This one’s for all you girls who were stupid enough to chase a guy who wasn’t chasing you back.
Trust me, you aren’t alone girly. We’ve all fallen hard for that one person, who probably acted like they fell for us too at one point! Guys have this evil way of keeping us girls around just with the things they say.
It’s like you (the guy who wouldn’t commit) were just so interested in me, then we hang out and afterwards you aren’t interested at all…for a few weeks at least. Then you get lonely and act like you are dying to see me, shocker right? And then it goes around and around and around again, doing the same exact thing. You don’t want to settle, but the world will end before you come out and say that. I’m not trying to be single for the rest of my life, and I feel like you are. So why do we girls put up with it?

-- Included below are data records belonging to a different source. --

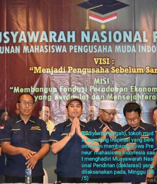 KAB.BEKASI, MEDIATRANSPARANCY.COM -Tokoh dan pengusaha muda penuh inspirasi Indonesia, Budiyanto bersama sejumlah mahasiswa dari berbagai daerah di pulau Jawa mendeklarasikan organisasi profesi kewirausahaan yang bernama Himpunan Mahasiswa Pengusaha Muda Indonesia (HIMAPINDO) sekaligus pengukuhan pengurus dalam musyawarah nasional yang digelar di de’lagoon Resto Lippo Cikarang, Kabupaten Bekasi pada, Minggu (06/05/18).
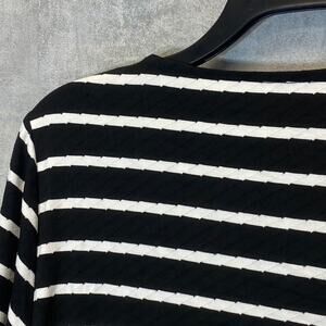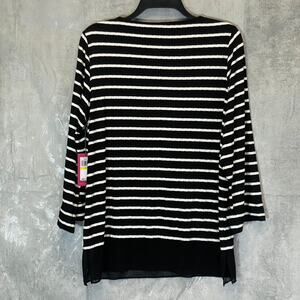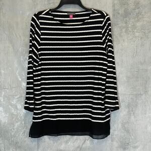 VINCE CAMUTO Women's Rich Black Striped 3/4 Sleeve Boatneck Sheer Hem Top SZ M
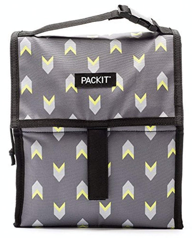 PackIt 10 inch 10 hour Freezable Foldable Reusable Multipal Uses Lunch Bag with Adjustable Strap (Grey Neon Arrows)
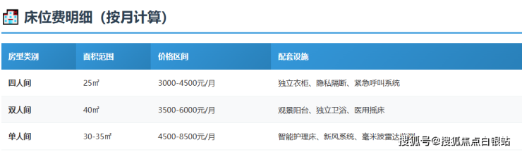 双人间(40㎡):3500-5500元/月,设观景阳台与双床分控系统,性价比高,适合需要社交陪伴的长者
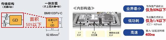 1)通過羅姆獨創(chuàng)的無鐵芯變壓器技術(shù),內(nèi)置2,500Vrms絕緣元件
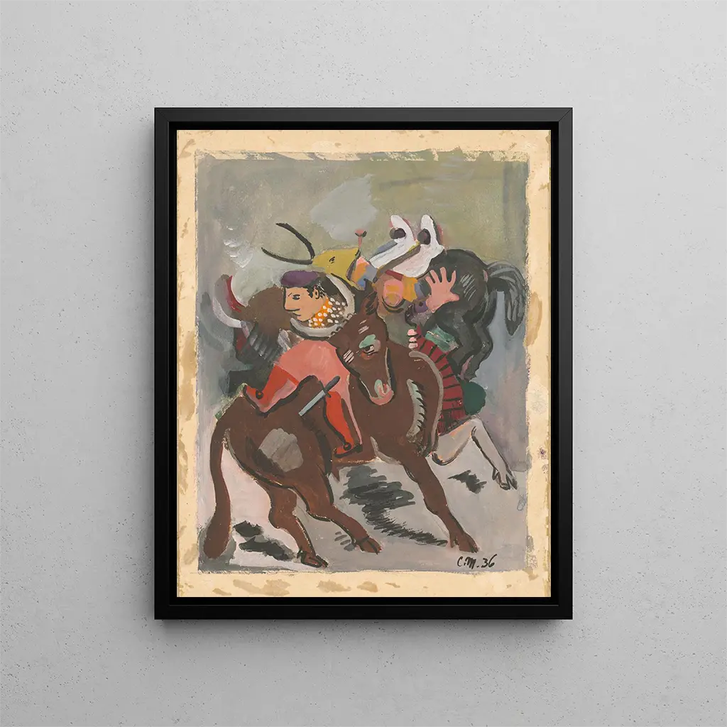 La tela "Corrida" di Cyprian Majernik cattura l'essenza stessa della passione e del dramma, incarnando una scena in cui l'arte della corrida si mescola a una rappresentazione estetica sorprendente. In quest'opera, l'artista riesce a trascendere il semplice spettacolo della corrida per farne una vera e propria ode alla vita, alla morte e al coraggio. I colori vivaci e i movimenti dinamici dei personaggi immergono lo spettatore in un universo in cui ogni colpo di pennello racconta una storia, dove la tensione palpabile tra il torero e il toro si legge sui volti dei protagonisti. Lungi dall'essere una semplice rappresentazione, quest'opera invita a riflettere sulla complessità delle emozioni umane e sulla bellezza tragica della lotta.
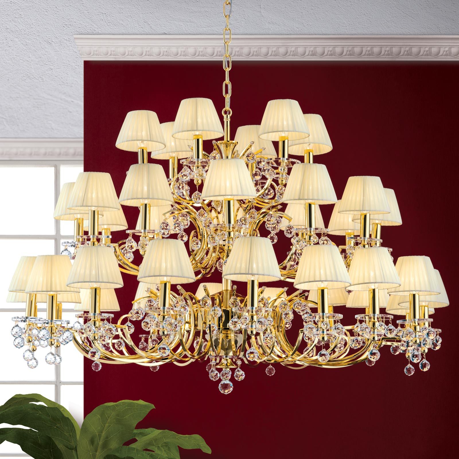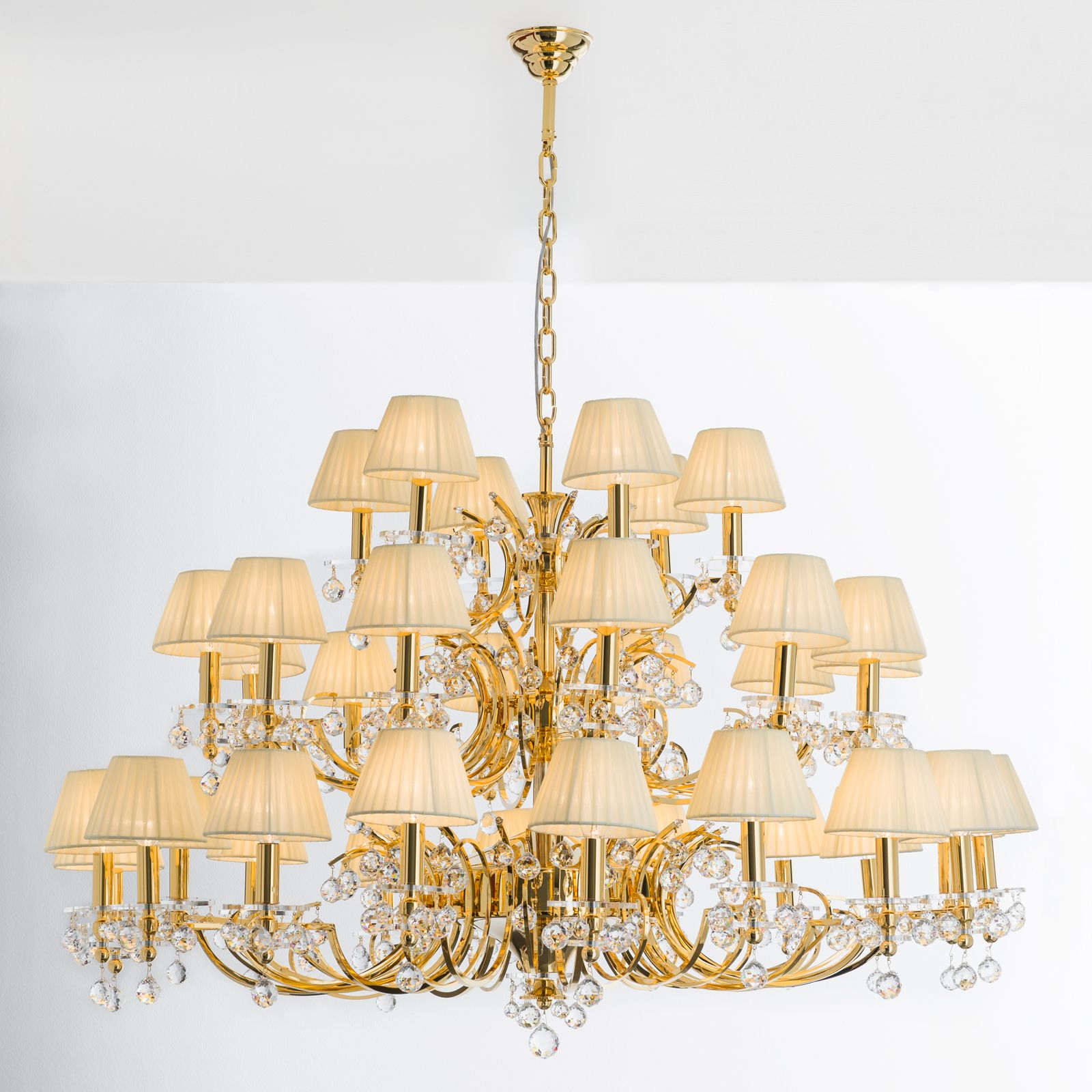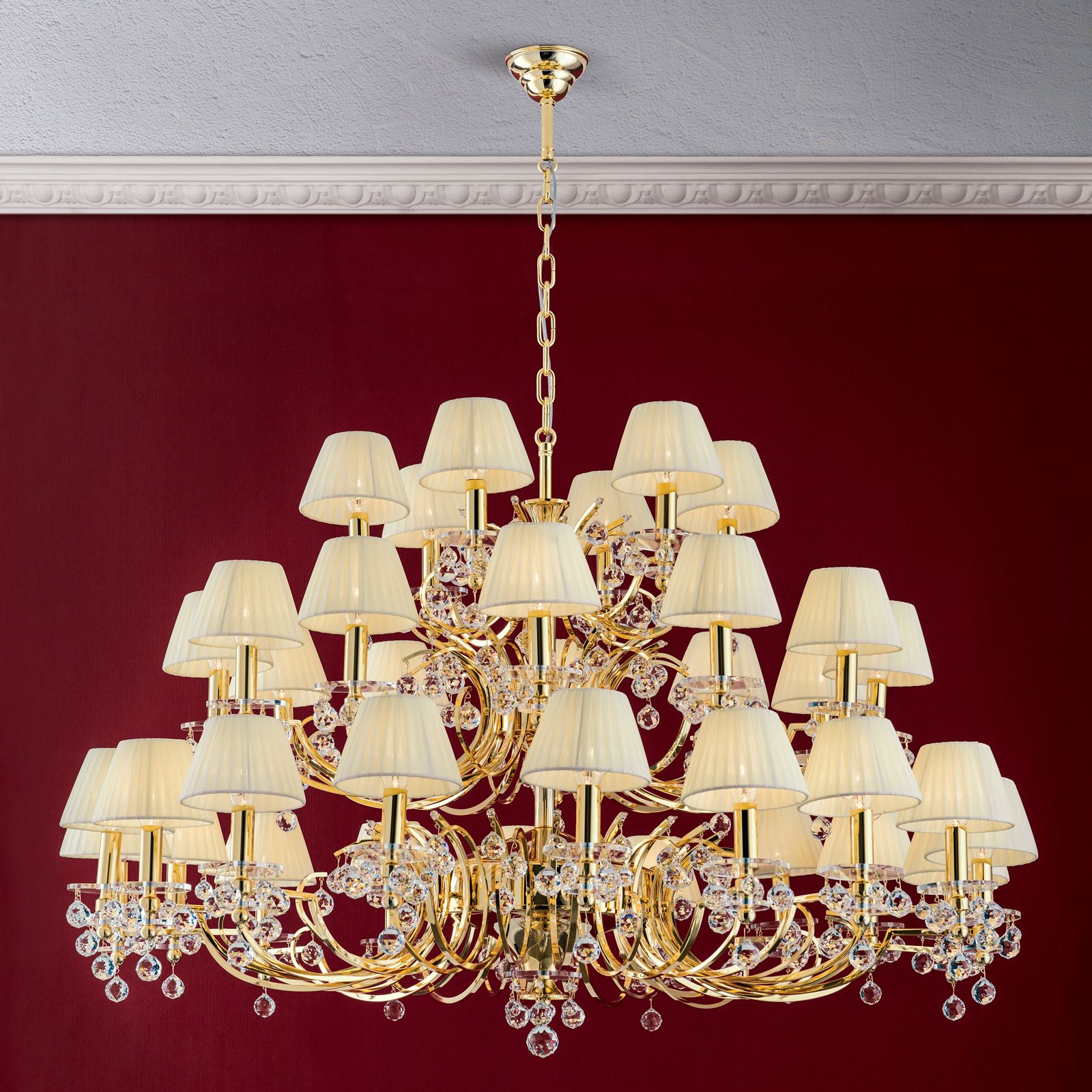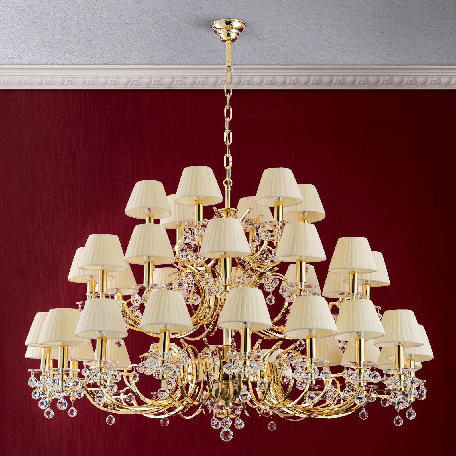 Luster KRISTALLDESIGN, 36-flammig, Gold mit champagnerfarbenen Stoffschirmen

It has taken me a lot of growing up to do to be realistic with myself about you. I can’t lie, you’re a great guy, and I have spent probably too much of my time missing you. But you’re only a great guy when it comes to yourself and your friends. I want someone who gives a dang, someone that is all about me most of the time. Is that too much to ask for in a guy? This back and forth stuff is so wishy washy. Although I can’t sit here and tell myself that the “just hanging out every now and then and texting” or “just kind of a thing,” thing we had going on was terrible, because it wasn’t. I still got the thought of maybe having just a little bit of you to myself, and I was stupid enough to cling to that. I just strive for more.
It’s kind of sickening to think about how caught up in fantasizing over the thought of “us” and being a part of your family I have been for so long now. When in reality, my life has been nothing but stuck on pause with you. After turning down so many good guys because of you, I guess I thought “waiting around” would work. Honestly I was turning them down for absolutely no reason at all!
As many times as I’ve tried, I’ll never dislike you. But I’ll never be able to be your friend either. My generation is so screwed up. Honestly it has taught me that sometimes time means nothing, and character means everything.